**Exercise prompt**. Text in the records must be reproduced exactly, and pictures must be skipped.

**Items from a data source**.
◆ ◆ ◆ ◆ ◆
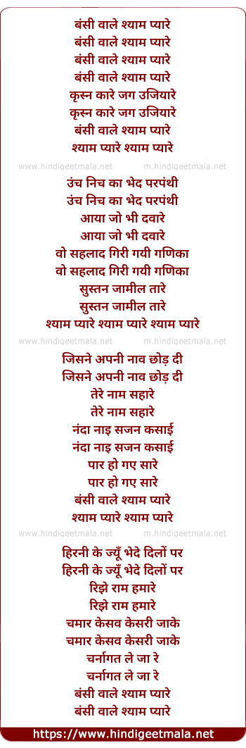 Lyrics of Bansi Wale Shyam Pyare Krishna - बंसी वाले श्याम प्यारे
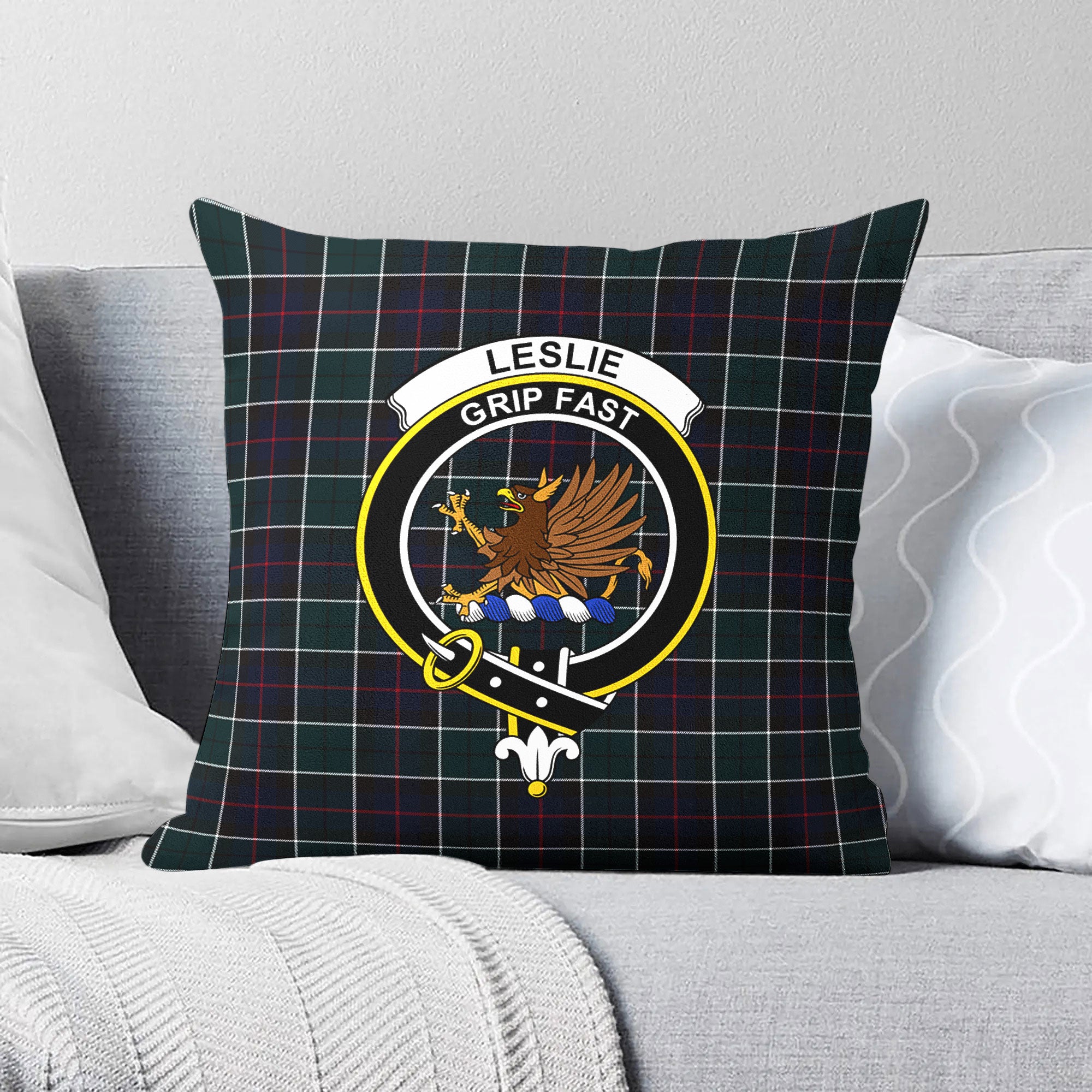 Leslie Hunting Modern Tartan Crest Pillow Cover
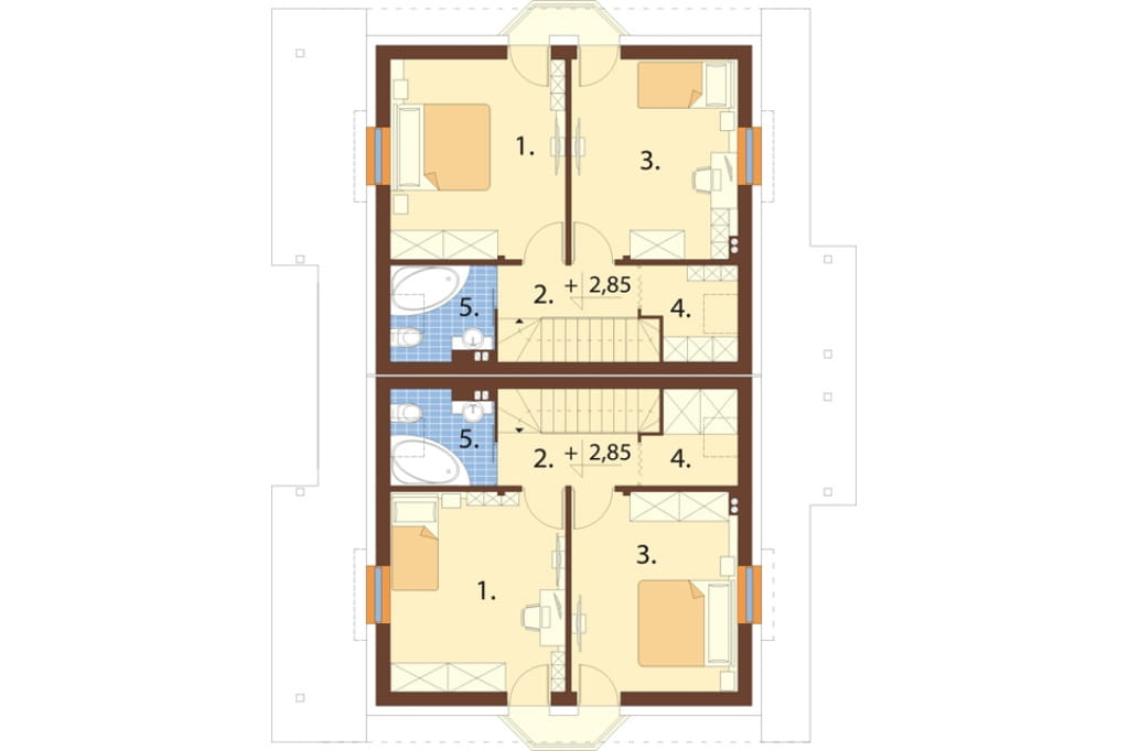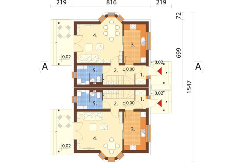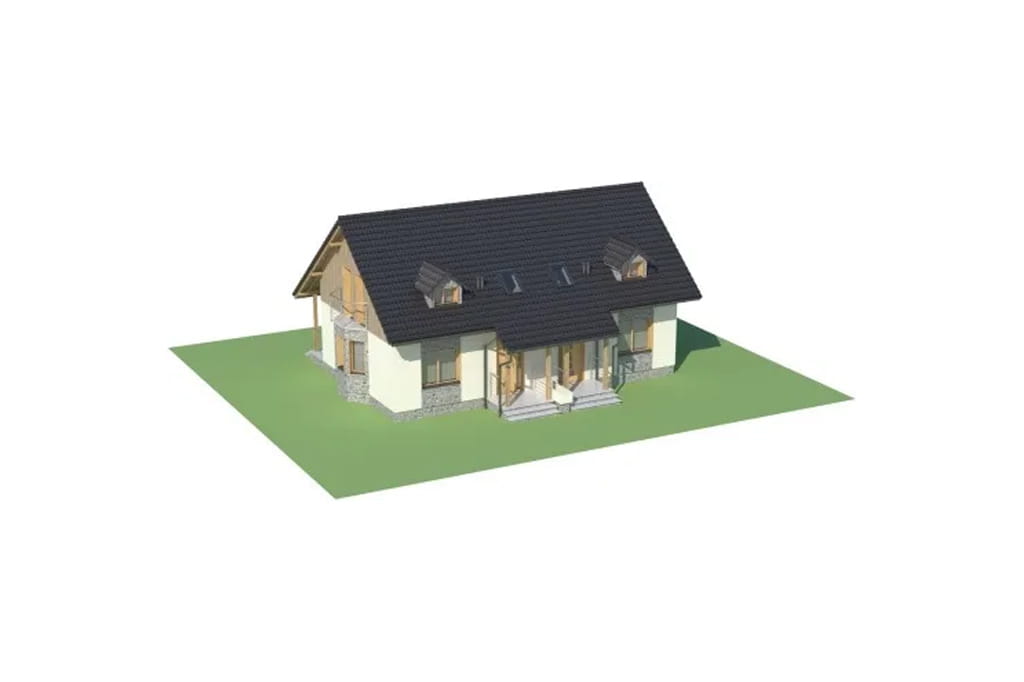Projekt domu w zabudowie bliźniaczej, cechujący się przytulnym charakterem i stosunkowo niewielką powierzchnią użytkową. Budynek z zewnątrz wygląda jak wolnostojący dom jednorodzinny, jednak wnętrze zostało podzielone na dwie, odrębne jednostki, dające poczucie intymności i prywatności. Swój tradycyjny charakter zawdzięcza dwuspadowemu dachowi oraz stosunkowo prostemu kształtowi. Niewątpliwym urozmaiceniem są dwa wykusze umieszczone po przeciwległych stronach obiektu oraz lukarny i świetliki w połaci dachu. Mimo niewielkich gabarytów, doskonale spełni potrzeby użytkowników.
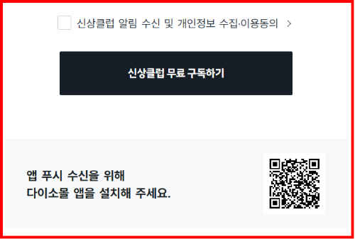 다이소몰의 신상품·기획전 정보를 앱 푸시 또는 이메일로 빠르게 받아볼 수 있는 구독 서비스입니다.
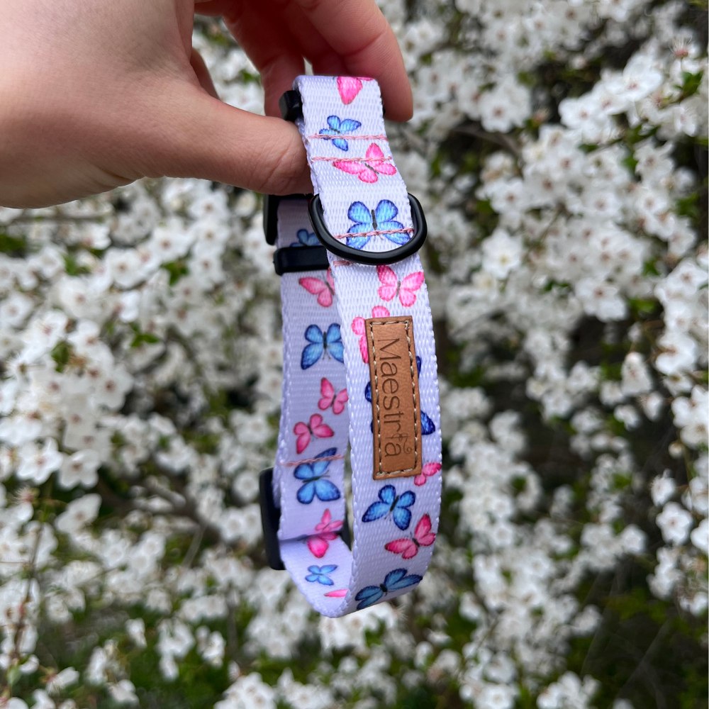 Obroża wykonana z wysokiej jakości taśmy nośnej, drukowanej sublimacyjnie. Zapewnia bezpieczeństwo, wygodę i trwałość. Wyposażona w solidne zapięcia i regulację, gwarantuje bezpieczeństwo podczas spacerów.
◆ ◆ ◆ ◆ ◆
**Output**.
 Lyrics of Bansi Wale Shyam Pyare Krishna - बंसी वाले श्याम प्यारे
 Leslie Hunting Modern Tartan Crest Pillow Cover
Projekt domu w zabudowie bliźniaczej, cechujący się przytulnym charakterem i stosunkowo niewielką powierzchnią użytkową. Budynek z zewnątrz wygląda jak wolnostojący dom jednorodzinny, jednak wnętrze zostało podzielone na dwie, odrębne jednostki, dające poczucie intymności i prywatności. Swój tradycyjny charakter zawdzięcza dwuspadowemu dachowi oraz stosunkowo prostemu kształtowi. Niewątpliwym urozmaiceniem są dwa wykusze umieszczone po przeciwległych stronach obiektu oraz lukarny i świetliki w połaci dachu. Mimo niewielkich gabarytów, doskonale spełni potrzeby użytkowników.
 다이소몰의 신상품·기획전 정보를 앱 푸시 또는 이메일로 빠르게 받아볼 수 있는 구독 서비스입니다.
 Obroża wykonana z wysokiej jakości taśmy nośnej, drukowanej sublimacyjnie. Zapewnia bezpieczeństwo, wygodę i trwałość. Wyposażona w solidne zapięcia i regulację, gwarantuje bezpieczeństwo podczas spacerów.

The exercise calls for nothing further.